Question

 In the following equation, find the value of $k$ for which the given value is a solution of the given equation, the value of $k$ is:
$k{{x}^{2}}+\sqrt{2x}-4=0$ , $x=\sqrt{2}$

Answer 1

Hint: For solving this question as it is given that $x=\sqrt{2}$ is a solution of the equation $k{{x}^{2}}+\sqrt{2x}-4=0$ so, we will directly substitute the value of $x=\sqrt{2}$ in the given equation and solve for the correct value of $k$ easily.

Complete step by step answer:
Given:
It is given that $x=\sqrt{2}$ is a solution of the equation $k{{x}^{2}}+\sqrt{2x}-4=0$ and we have to find the suitable value of $k$ .
Now, we can interpret the given data as for the value $x=\sqrt{2}$ , the value of the function $f\left( x \right)=k{{x}^{2}}+\sqrt{2x}-4$ is equal to zero. Which means $f\left( \sqrt{2} \right)=0$ . Then,
\[\begin{align}
  & f\left( x \right)=k{{x}^{2}}+\sqrt{2x}-4 \\
 & \Rightarrow f\left( \sqrt{2} \right)=k{{\left( \sqrt{2} \right)}^{2}}+\sqrt{2\times \sqrt{2}}-4=0 \\
 & \Rightarrow 2k+\sqrt{2\times {{2}^{0.5}}}-4=0 \\
 & \Rightarrow 2k+{{\left( {{2}^{1.5}} \right)}^{0.5}}-4=0 \\
\end{align}\]
Now, before we proceed we should know that if ${{a}^{b}}=c$ then, ${{c}^{d}}={{\left( {{a}^{b}} \right)}^{d}}={{a}^{bd}}$ . Then, in the above equation, we can write ${{\left( {{2}^{1.5}} \right)}^{0.5}}={{2}^{1.5\times 0.5}}$ . Then,
\[\begin{align}
  & 2k+{{\left( {{2}^{1.5}} \right)}^{0.5}}-4=0 \\
 & \Rightarrow 2k+{{2}^{1.5\times 0.5}}-4=0 \\
 & \Rightarrow 2k=4-{{2}^{0.75}} \\
 & \Rightarrow k=\dfrac{4-{{2}^{0.75}}}{2} \\
\end{align}\]
\[\begin{align}
  & \Rightarrow k=2-\dfrac{1}{{{2}^{1-0.75}}} \\
 & \Rightarrow k=2-\dfrac{1}{{{2}^{0.25}}} \\
\end{align}\]
Now, we will take the value of $\dfrac{1}{{{2}^{0.25}}}$ to be 0.8409 approximately to calculate the approximate value of the unknown term $k$ . Then,
\[\begin{align}
  & k=2-\dfrac{1}{{{2}^{0.25}}} \\
 & \Rightarrow k\approx 2-0.8409 \\
 & \Rightarrow k\approx 1.1591 \\
\end{align}\]
Now, from the above result, we conclude that if $x=\sqrt{2}$ is a solution of the equation $k{{x}^{2}}+\sqrt{2x}-4=0$ then the value of $k$ will be equal to 1.1591 approximately.
Thus, the required value of \[k=2-\dfrac{1}{{{2}^{0.25}}}\approx 1.1591\] .
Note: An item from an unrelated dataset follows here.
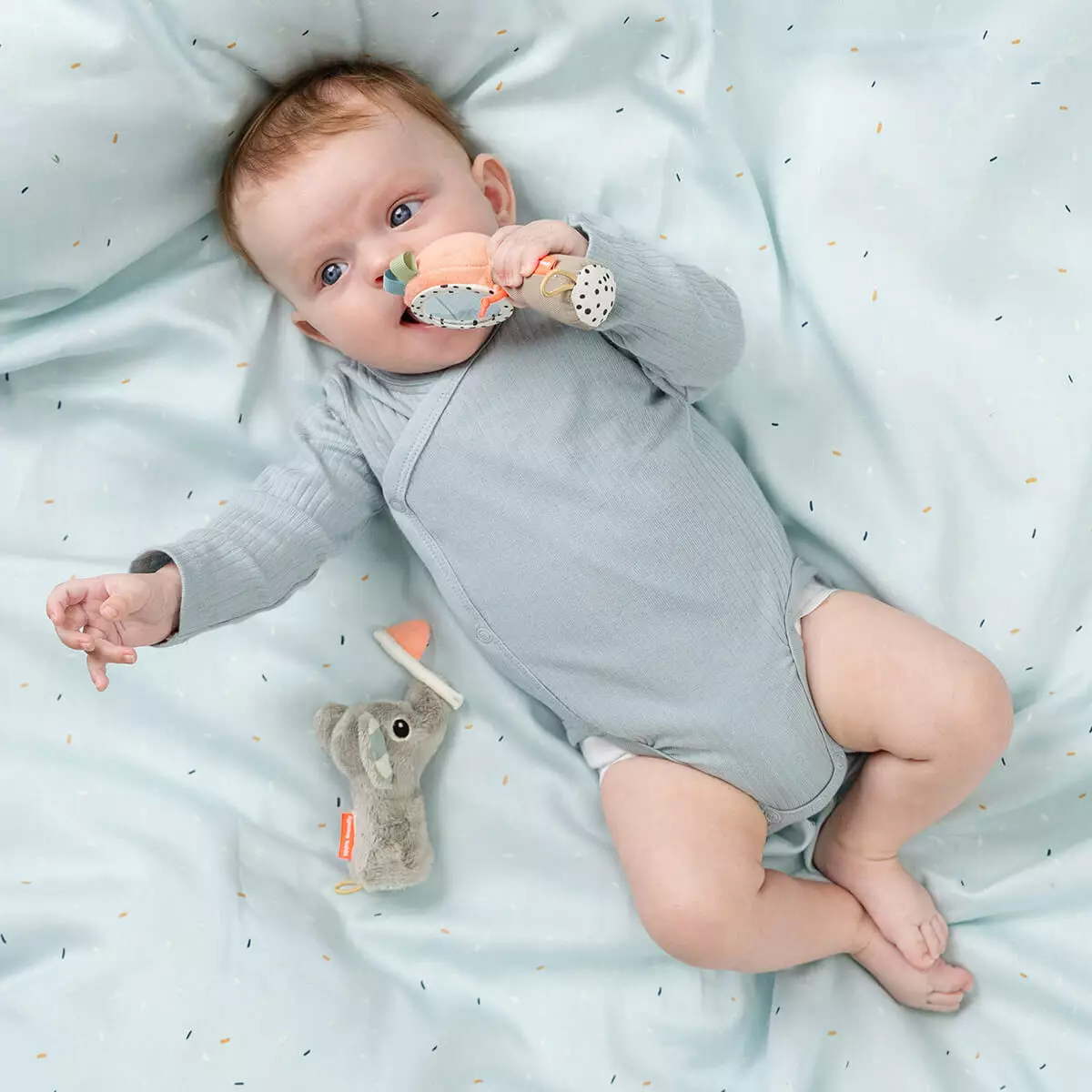 Skallra Done By Deer Sensory Rattle Mirror set, Tiny Farm Sand är ett bedårande set med två skallror för baby. Den ena skallran har en ballong med en liten spegel på andra sidan. Den andra skallran är en mjuk elefant som ger ifrån sig ett intressant prasselljud.

Note: Here, the student should first understand and then proceed in the right direction to get the correct answer quickly. Moreover, though the question is very easy, but we should avoid making calculation mistakes while solving the question like when we put $x=\sqrt{2}$ , then one mistake is very common that we might take $\sqrt{2x}=\sqrt{2}\times \sqrt{2}$ . So, don’t make such mistakes while solving.